Purification and spectral characterization of a 121-kilodalton phytochrome from etiolated pea (Pisum sativum L.) seedlings

Procedures for the purification of native phytochrome from etiolated pea seedlings without the use of immuno-purification techniques are described. Phytochrome (in the P_FR form) was purified by polyethyleneglycol fractionation, adsorption to pentyl agarose and batch elution, chromatography on DEAE-Sepharose, adsorption to phenyl Toyopearl and batch elution, and chromatography on Red Toyopearl. The resulting phytochrome had specific absorbance ratios (SAR = A₆₆₆/A₂₈₀ of P_R) that ranged from 0.55 to 0.6. The subsequent chromatography on Sephacryl S-300 yielded very pure phytochrome with a SAR of 0.98. P_R and P_FR peaks in the difference spectrum of the phytochrome were centered at 665 and 730 nm, respectively.
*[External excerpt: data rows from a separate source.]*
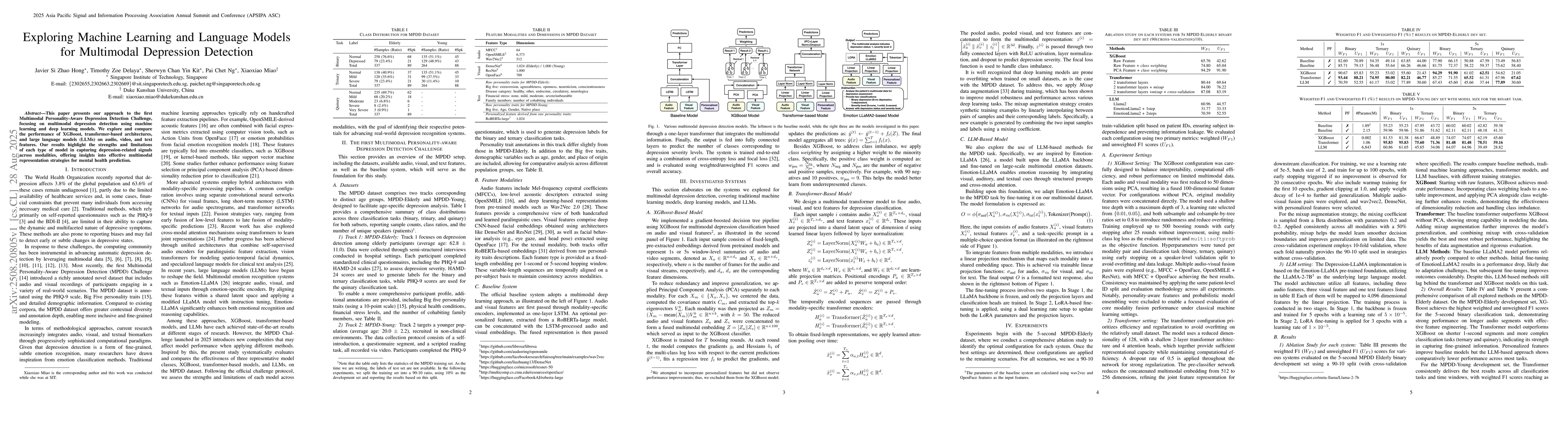 This paper presents our approach to the first Multimodal Personality-Aware Depression Detection Challenge, focusing on multimodal depression detection using machine learning and deep learning models. We explore and compare the performance of XGBoost, transformer-based architectures, and large language models (LLMs) on audio, video, and text features. Our results highlight the strengths and limitations of each type of model in capturing depression-related signals across modalities, offering insights into effective multimodal representation strategies for mental health prediction.
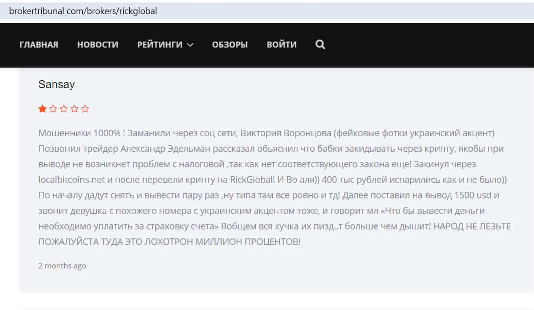 Пользователь с ником Sansay поделился своей историей на сайте Брокертрибунал. Ему позвонила девушка и уговорила положить деньги на счет в Рик Глобал. Менеждер посоветовал перевести средства в криптовалюту, чтобы не было проблем с налоговой. Мужчина вложил 400 000 рублей и все потерял. Под предлогом неуплаты за страховку счет был заблокирован.
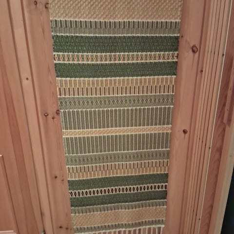 Kukkakuvioinen punainen villasta tehty seinävaate. Pidike kuuluu hintaan.
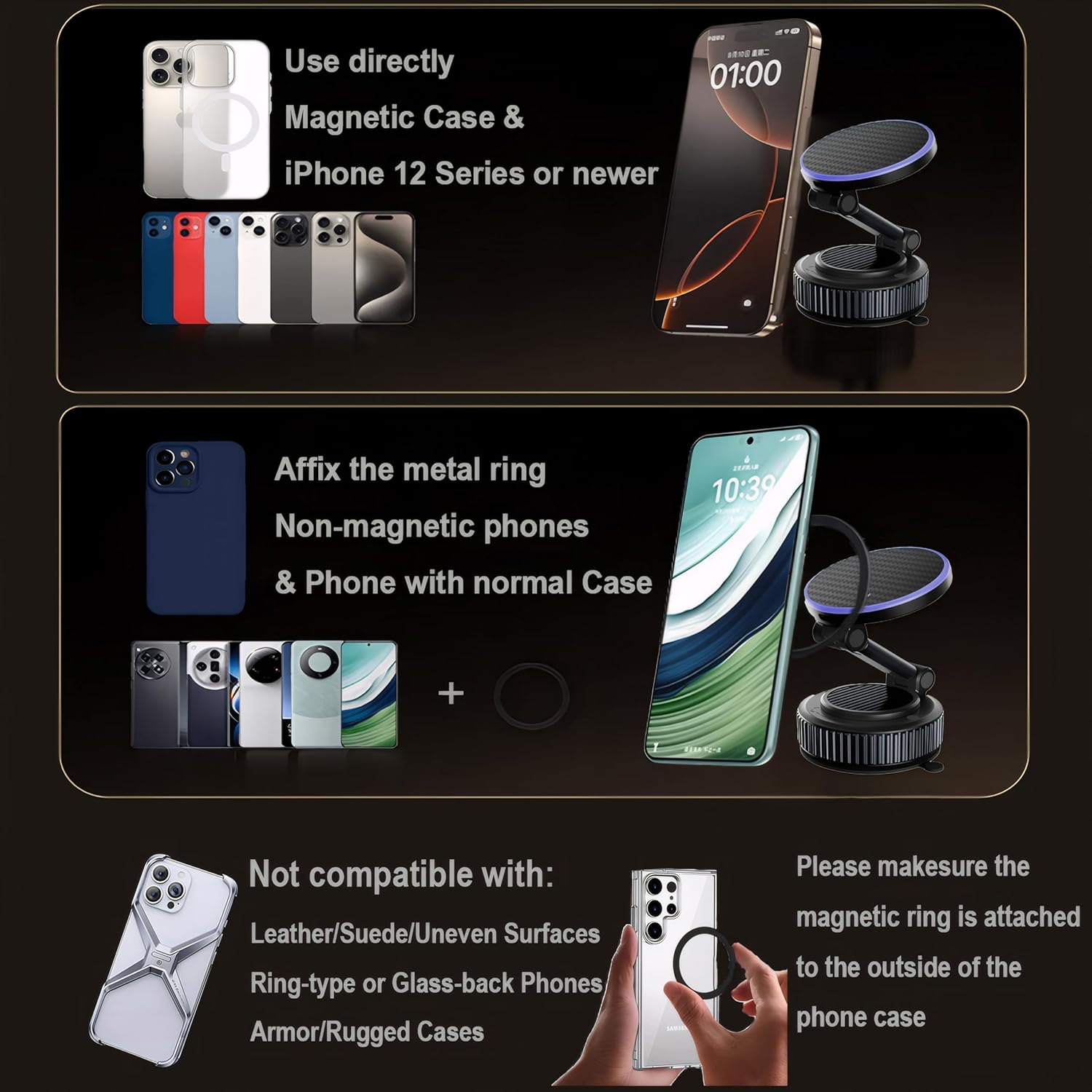 - 【Designed for Magsafe】The Raytrue-X Wireless Charging Mount for iphone uses official Tora-TC heat sink technology with its great quality and functionality, it is specially designed for iPhone 16/15/14/13/12 series and fits MagSafe cases. Includes a universal metal ring adapter for all Android devices, ensuring secure attachment even on bumpy roads, people in the car no need to worry about its falling off.
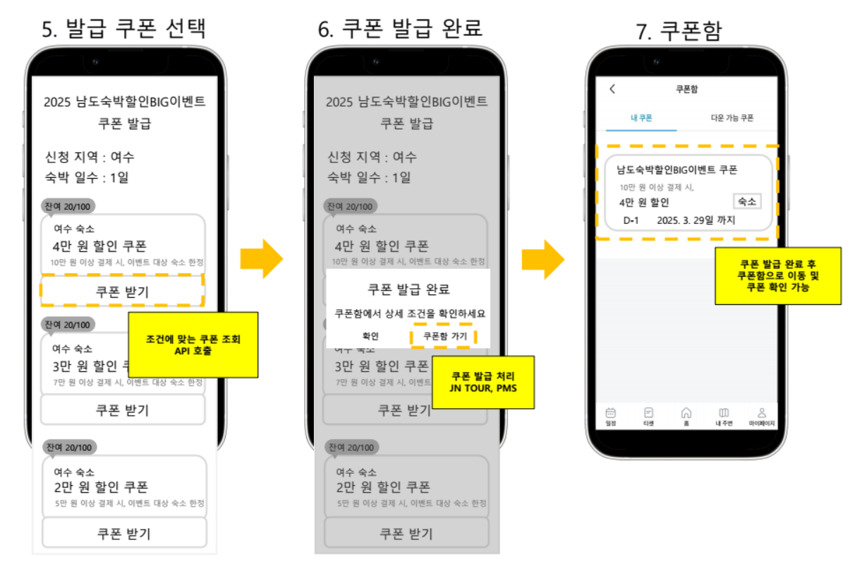 ① 전남관광플랫폼 앱 로그인 → ② 2025 남도 숙박할인 대전 일반신청 → ③ 쿠폰 신청서 작성 → ④ 신청서 최종 확인 후 제출 → ⑤ 발급 쿠폰 선택 → ⑥ 쿠폰 발급 완료

The spectral change ratio (ΔAr/ΔAfr) of the difference spectrum was unchanged after the chromatography on phenyl Toyopearl, and the value was 1.05-1.08, indicating that the spectral properties of this preparation were intact. The absorption spectra indicated that the peak absorbance of P_FR was at 728-730 nm and that of P_R was at 666-667 nm. These peak positions were essentially same as those obtained with the undegraded oat phytochrome. Incubation of the sample purified on Sephacryl S-300 at 25°C for 5 h in either the P_R or P_FR form did not result in degradation of the molecule. The rate of dark reversion of P_FR observed with the purified pea phytochrome was similar to that observed in vivo. The addition of dithionite had no effect on the reversion rate.